На обед в доме Куницыных предлагались остатки вчерашней роскоши. Однако и сегодняшней роскоши добавилось немало. Например, фантастически вкусные жаренные в сметане лисички. Их набрали младшие Куницыны, причем столько, что хватило на всех и осталось на вечер.
Кстати, в этой семье стандартные нормы оценки припасов – в килограммах, пакетах, банках – не применялись вообще. Бочонки, кадки, полубочки и, наконец, бочки полноценные – вот что припасалось на зиму, да и летом использовалось активно.
Виктор сводил Ольгу на экскурсию в кладовую. Электрические холодильники в семье тоже были, даже два, большие и красивые. Но в них хранилось лишь то, чем планировали утолить сиюминутный голод.
Третий холодильник был побольше. Размером с небольшую избу. В нем, несмотря на июнь, до сих пор лежал занесенный Виктором еще зимой, нарезанный пилой на огромные куски речной лед.
Холод в кладовой стоял адский, может, еще из-за темноты так казалось. Из нее, из черного мрака, в свете мощного фонаря, как бойцы неведомого фронта, строем выступали те самые кадки, бочонки и бочки. Припасов точно хватало на всех.
– Сейчас-то молоко жидкое храним, – сказал непонятную фразу Виктор.
– А какое оно еще бывает? – не поняла Шеметова.
– Ну, раньше зимой круги морозили. На килограмм, на два, на три. Мы и побольше делали. Не круги, а кубы. Пятилитровые. Очень долго не портилось.
Да. Как говорится – чудеса рядом.
И все же Ольгу сейчас больше экскурсий интересовала основная работа. На Олега надеяться не приходилось – он погряз в своей Паутине. Судя по довольному виду, времени зря не теряет. Что-то, наверное, нарыл. Вечером расскажет. А может, и не расскажет. Ольга почти привыкла, что пока она – младший партнер. И стратегия дела находится полностью под управлением Олега Всеволодовича. Хорошо хоть тактикой порой дает порулить.
Впрочем, в предстоящем процессе внешне они будут почти на равных. Более того, она защищает главного обвиняемого, в то время как Багров – официальный защитник не вполне адекватного Лешкиного подельника.
После обеда, посидев немного в шезлонге (такое тоже имелось в доме Куницыных) в яблоневом саду, Шеметова направилась на продолжение поисков свидетелей, заодно решив заглянуть и на место ужасного происшествия.

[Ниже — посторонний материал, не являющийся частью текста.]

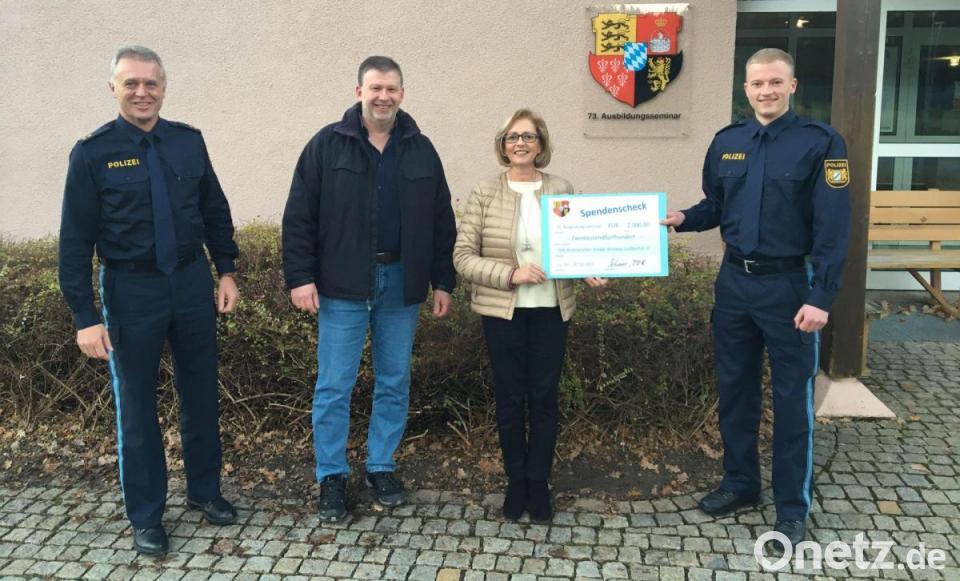 Stolze 2 500 Euro übergaben kurz vor Weihnachten der Leiter des 73. Ausbildungsseminars am Bereitschaftspolizei-Standort Sulzbach-Rosenberg, Polizeioberrat Thomas Scherer, und Polizeimeisteranwärter Raphael Aschenbrenner, einer der Vertrauenspersonen der Polizisten in Ausbildung, an die Selbsthilfegruppe krebskranker Kinder Amberg-Sulzbach. Die Vorsitzende Petra Waldhauser und ihr Stellvertreter Marco Kind nahmen die Spende dankbar entgegen.
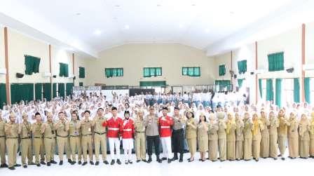 Sosialisasi dan operasi knalpot brong dipimpin oleh Kapolres Jepara AKBP Wahyu Nugroho Setyawan bersama jajarannya yang didampingi pihak sekolah.
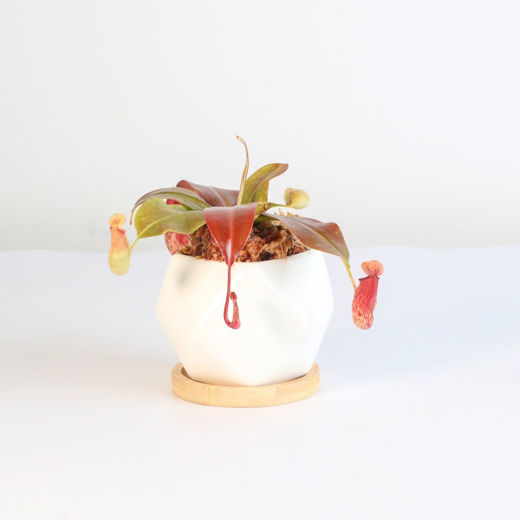 Whether you're new to carnivorous plants or a seasoned pro, this plant is easy to care for and thrives with just a bit of attention. Its vibrant colors and intriguing form make it a standout piece, ideal for desktops, windowsills, or terrariums. Add the Lady Luck Pitcher to your collection and enjoy a little piece of the wild indoors!  This hybrid variety of Nepenthes is known for its vibrant pitchers and insect-trapping abilities, making it a popular choice among carnivorous plant enthusiasts.
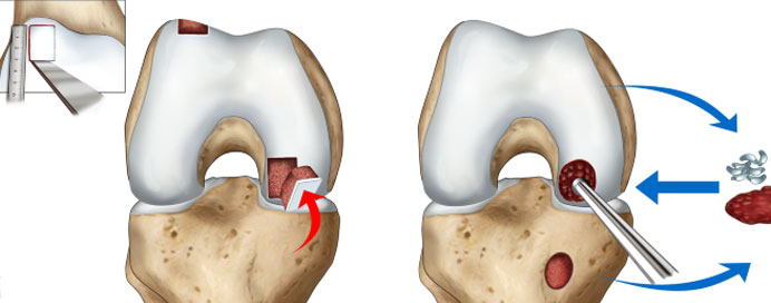 Cartilage Harvesting – A cylindrical bone-cartilage plug is taken from a healthy, non-weight-bearing area of the knee.

Багров, к ее удивлению, тоже покинул кресло перед компом. Как выяснилось, вместе с Анной Ивановной пошел к матери Лешкиного подельника. Куницына только что видела ее трезвой, а такое бывает не всегда, вот и пришлось отрываться от интернет-серфинга.
Пути адвокатов сразу разошлись, Ольга предпочитала гулять по деревне в одиночку, тем более что респондентов искать не приходилось, они в основном сами подходили к гостье. Деревенский телеграф работал исправно, так что теперь даже по имени обращались.
Из особо ценных возможных свидетелей была Дарья, лично слышавшая, как пьяный багровомордый майор орал, что Аньку вы… ет, а ее выб…ка – засадит до старости. Получалось, что, по крайней мере, одну часть своей угрозы Алексей Куницын осуществил.
Дарья покойного майора до сих пор ненавидела.
– Он только портить мог, – жаловалась женщина, еще довольно молодая, лет тридцати пяти. – Ничего не создал, только портил. Своей жене жизнь испортил, Аньке испортил, Лешке испортил, моей семье тоже.
– Как он испортил жизнь своей жене? – пошла по порядку Шеметова.
– Так он же ее лупит! – удивилась незнанию очевидных фактов Дарья. – Лупил, – поправилась женщина. – Она ж потом неделями на улицу не выходила! Если б не мать, убил бы совсем. Только мать свою и слушал.
– А что ж не разводилась? – спросила Ольга.
– Так жадная ж какая! Она чего ж за него пошла? – спросила Дарья и сама же ответила: – За жадностью своей. Всего нахапает. Он и хапал.
– А как он вашей семье жизнь портил? – Материала, похоже, было много, и весь интересный. – Он к вам тоже приставал?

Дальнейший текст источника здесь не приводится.